• _Data for review_:
"""

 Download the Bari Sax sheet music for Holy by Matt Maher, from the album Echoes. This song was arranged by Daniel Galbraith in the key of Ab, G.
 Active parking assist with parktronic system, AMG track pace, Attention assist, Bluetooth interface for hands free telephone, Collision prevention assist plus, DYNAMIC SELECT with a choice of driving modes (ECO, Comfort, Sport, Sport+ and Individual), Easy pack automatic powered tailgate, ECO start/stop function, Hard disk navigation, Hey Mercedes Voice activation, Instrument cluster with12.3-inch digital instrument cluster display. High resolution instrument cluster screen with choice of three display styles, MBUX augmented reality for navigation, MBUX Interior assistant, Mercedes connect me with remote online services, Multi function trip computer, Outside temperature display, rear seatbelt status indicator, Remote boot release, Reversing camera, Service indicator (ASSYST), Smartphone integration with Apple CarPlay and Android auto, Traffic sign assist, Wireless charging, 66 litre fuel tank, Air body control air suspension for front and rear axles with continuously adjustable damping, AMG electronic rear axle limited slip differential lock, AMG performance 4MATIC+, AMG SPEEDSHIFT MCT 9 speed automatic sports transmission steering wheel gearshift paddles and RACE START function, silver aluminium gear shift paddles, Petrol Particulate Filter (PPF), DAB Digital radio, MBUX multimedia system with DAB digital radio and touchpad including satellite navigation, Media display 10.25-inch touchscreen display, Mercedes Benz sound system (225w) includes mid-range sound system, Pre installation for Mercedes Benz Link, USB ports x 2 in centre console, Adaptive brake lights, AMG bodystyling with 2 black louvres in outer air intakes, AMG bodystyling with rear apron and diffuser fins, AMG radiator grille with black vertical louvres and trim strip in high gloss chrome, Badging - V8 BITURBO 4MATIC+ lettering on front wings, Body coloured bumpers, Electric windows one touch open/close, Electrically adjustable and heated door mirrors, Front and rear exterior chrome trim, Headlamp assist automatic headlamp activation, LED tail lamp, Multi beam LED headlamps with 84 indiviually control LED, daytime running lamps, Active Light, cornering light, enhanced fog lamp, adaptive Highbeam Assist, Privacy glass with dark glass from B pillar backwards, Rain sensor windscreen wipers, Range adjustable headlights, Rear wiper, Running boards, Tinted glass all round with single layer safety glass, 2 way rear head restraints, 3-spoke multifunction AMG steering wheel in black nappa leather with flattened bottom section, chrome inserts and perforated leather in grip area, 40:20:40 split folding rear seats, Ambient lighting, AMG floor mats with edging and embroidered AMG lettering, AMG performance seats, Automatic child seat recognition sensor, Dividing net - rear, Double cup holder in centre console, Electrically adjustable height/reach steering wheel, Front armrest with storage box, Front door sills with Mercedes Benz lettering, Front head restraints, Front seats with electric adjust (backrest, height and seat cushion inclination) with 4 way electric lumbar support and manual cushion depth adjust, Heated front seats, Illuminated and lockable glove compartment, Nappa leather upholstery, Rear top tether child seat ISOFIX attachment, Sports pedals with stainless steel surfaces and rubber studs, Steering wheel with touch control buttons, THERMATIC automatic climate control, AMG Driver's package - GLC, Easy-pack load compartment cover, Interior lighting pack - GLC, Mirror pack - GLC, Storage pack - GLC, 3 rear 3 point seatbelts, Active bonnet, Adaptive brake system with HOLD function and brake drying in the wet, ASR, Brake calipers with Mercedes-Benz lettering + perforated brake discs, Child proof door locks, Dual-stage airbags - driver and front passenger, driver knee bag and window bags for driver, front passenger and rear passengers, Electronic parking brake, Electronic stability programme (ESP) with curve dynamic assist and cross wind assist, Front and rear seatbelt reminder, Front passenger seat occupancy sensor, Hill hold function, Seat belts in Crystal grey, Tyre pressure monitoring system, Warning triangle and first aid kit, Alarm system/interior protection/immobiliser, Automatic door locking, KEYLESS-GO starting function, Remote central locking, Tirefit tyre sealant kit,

"""
"""

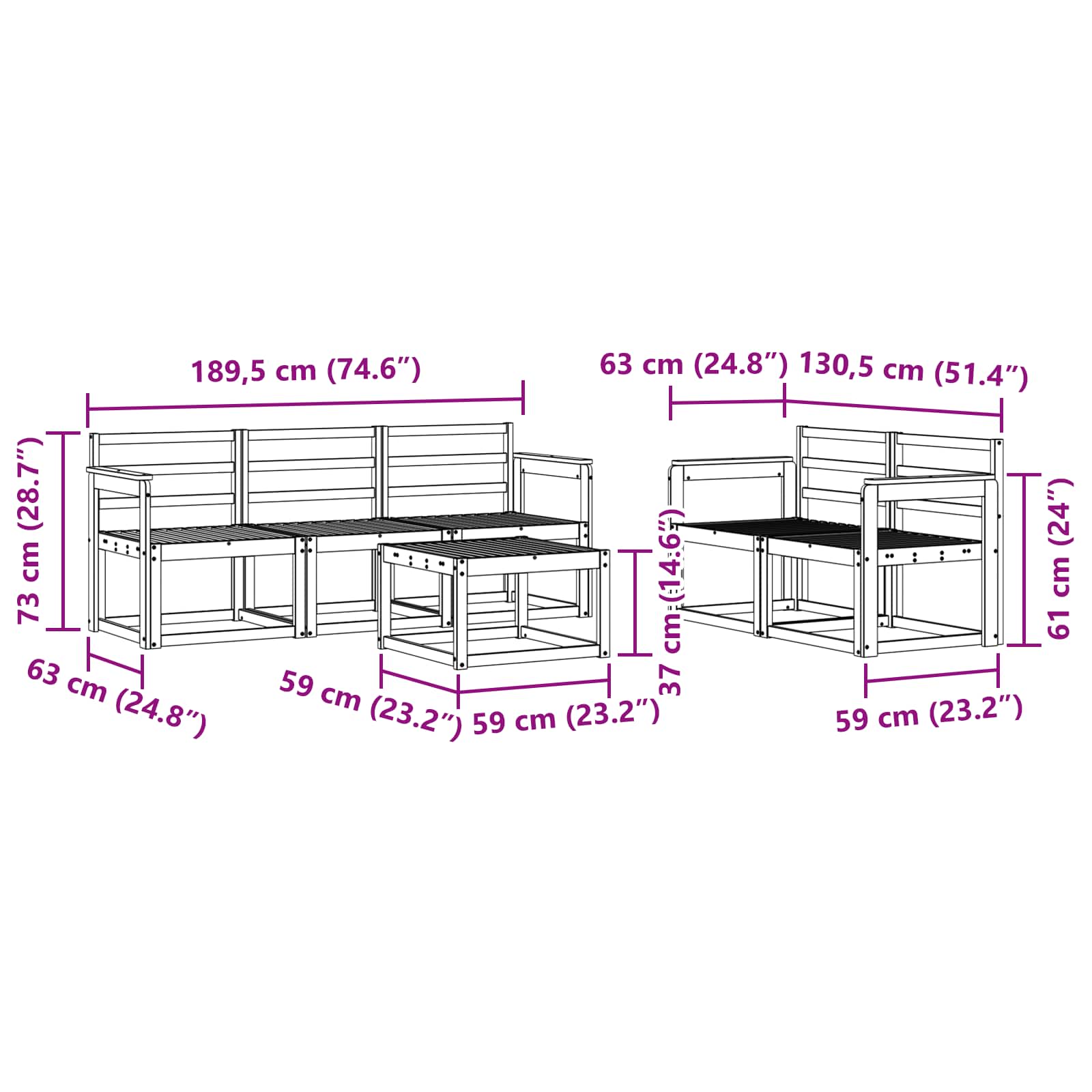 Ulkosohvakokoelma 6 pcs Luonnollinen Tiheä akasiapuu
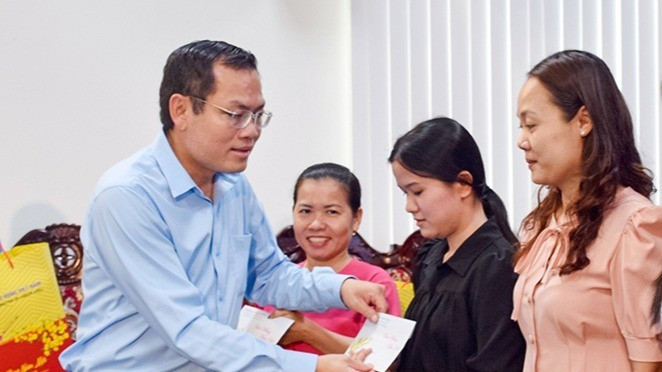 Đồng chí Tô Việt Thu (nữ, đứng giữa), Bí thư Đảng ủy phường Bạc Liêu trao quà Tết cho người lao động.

"""
"""

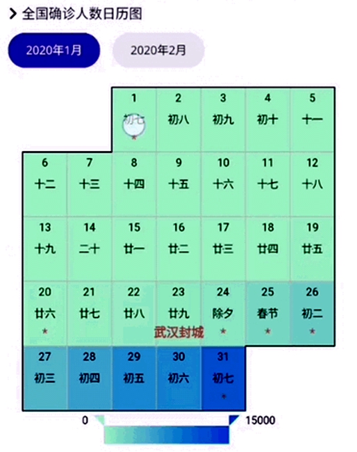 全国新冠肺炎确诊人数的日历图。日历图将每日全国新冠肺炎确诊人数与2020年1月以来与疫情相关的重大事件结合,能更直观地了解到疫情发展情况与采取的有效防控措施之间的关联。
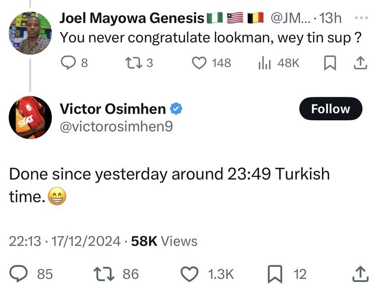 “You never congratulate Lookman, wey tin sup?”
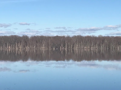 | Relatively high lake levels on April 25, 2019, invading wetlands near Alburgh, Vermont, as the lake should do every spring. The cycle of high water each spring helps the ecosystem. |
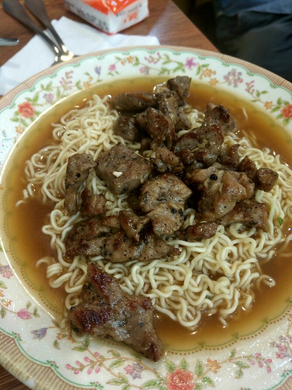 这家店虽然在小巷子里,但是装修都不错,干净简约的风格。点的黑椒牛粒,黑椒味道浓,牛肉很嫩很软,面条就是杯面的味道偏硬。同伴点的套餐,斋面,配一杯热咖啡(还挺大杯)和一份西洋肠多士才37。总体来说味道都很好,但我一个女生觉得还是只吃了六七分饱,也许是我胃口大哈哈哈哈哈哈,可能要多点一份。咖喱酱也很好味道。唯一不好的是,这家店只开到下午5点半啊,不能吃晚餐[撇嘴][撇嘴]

"""

• _Work to be completed_:
Return only the part above that opens with the line containing "the ecosystem. |" and closes with the line containing "这家店虽然在小巷子里,但是装", exactly and with both ends, skipping the pictures.

• _Finished task_:
 | Relatively high lake levels on April 25, 2019, invading wetlands near Alburgh, Vermont, as the lake should do every spring. The cycle of high water each spring helps the ecosystem. |
 这家店虽然在小巷子里,但是装修都不错,干净简约的风格。点的黑椒牛粒,黑椒味道浓,牛肉很嫩很软,面条就是杯面的味道偏硬。同伴点的套餐,斋面,配一杯热咖啡(还挺大杯)和一份西洋肠多士才37。总体来说味道都很好,但我一个女生觉得还是只吃了六七分饱,也许是我胃口大哈哈哈哈哈哈,可能要多点一份。咖喱酱也很好味道。唯一不好的是,这家店只开到下午5点半啊,不能吃晚餐[撇嘴][撇嘴]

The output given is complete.